Чулицкий пожал плечами и отвернулся.

Гесс тоже пожал плечами и замолчал.

Можайский подошел к Саевичу:

— Григорий Александрович! Оставим Гольнбека: чего-то мы, возможно, недопоняли, что-то, возможно, упустили, но суть интереса Кальберга, полагаю, вскрылась полностью. А дальше-то что было? С какими телами вы работали? И как часто?

Саевич закивал головой, показывая, что готов продолжить.

— Итак?

— После неудачи с телом Гольнбека, — заговорил фотограф, — точнее, неудачи на мой взгляд, прошло всего лишь несколько дней. Что-то около недели; может, чуть больше: кажется, я уже об этом говорил… Да: приблизительно через неделю барон позвал меня снова.

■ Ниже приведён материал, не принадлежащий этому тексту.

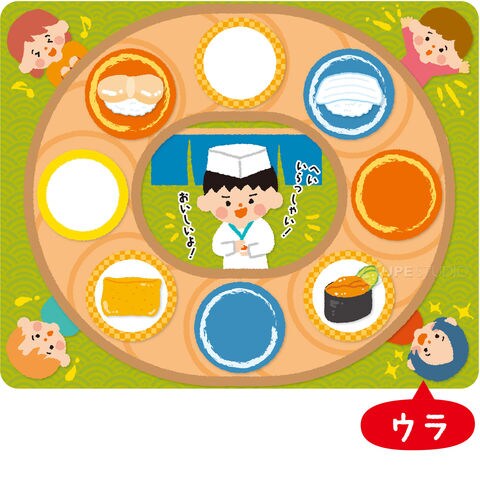ウラ面…作ったおすしをお皿に乗せて、回転寿司屋さんごっこができます。

И на этот раз тело, предоставленное мне, отнюдь не выглядело таким… таким обыденным что ли. Пусть Гольнбек и не совсем меня разочаровал, но он не шел ни в какое сравнение с тем, что я увидел в покойницкой спустя неделю.

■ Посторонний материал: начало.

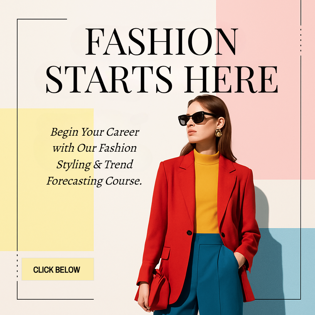 Modern Fashion Advertisement with Bold Text and Model Banner

Саевич обвел нас взглядом.

— Даже боюсь предположить, — проворчал, воспользовавшись паузой, Чулицкий, — что на вас произвело такое впечатление!

Саевич немедленно улыбнулся:

— Возможно, вы помните пожар, вспыхнувший на зимовавших в Большой Невке[371] судах. Тогда сгорело около дюжины этих посудин.

Чулицкий не успел ответить: его опередил Митрофан Андреевич:

— Девять сгорели полностью, три обгорели частично и были спасены. Да: я помню это происшествие у Черной речки. Пожар возник — по неустановленной причине — на порожнем судне купца Боровкина, быстро разросся и перекинулся на другие суда. К счастью, те тоже были без груза — впрочем, оно и понятно, — поэтому серьезных рисков при тушении пожара не возникло. Это совсем не то, что было в том же году: в порту, на таможенной площадке, когда загорелся сложенный на ней гарпиус[372]… Мало того, что ущерб простерся аж до полумиллиона рублей разом, так еще и пожар был настолько силен, а его тушение — настолько опасным, что сутки почти — от полудня и до шести утра — мы бились на нем и с суши, и с канала, задействовав семь команд, резервы и восемь пароходов! Наши «Полундру» и «Трубника»[373]… Портового «Бодрого»… Таможенных «Вестового» и «Проворного»… «Лоцмейстера» общества лоцманов… и пару пароходов Финляндского легкого пароходства[374]! Удивительное дело, но тогда обошлось без жертв.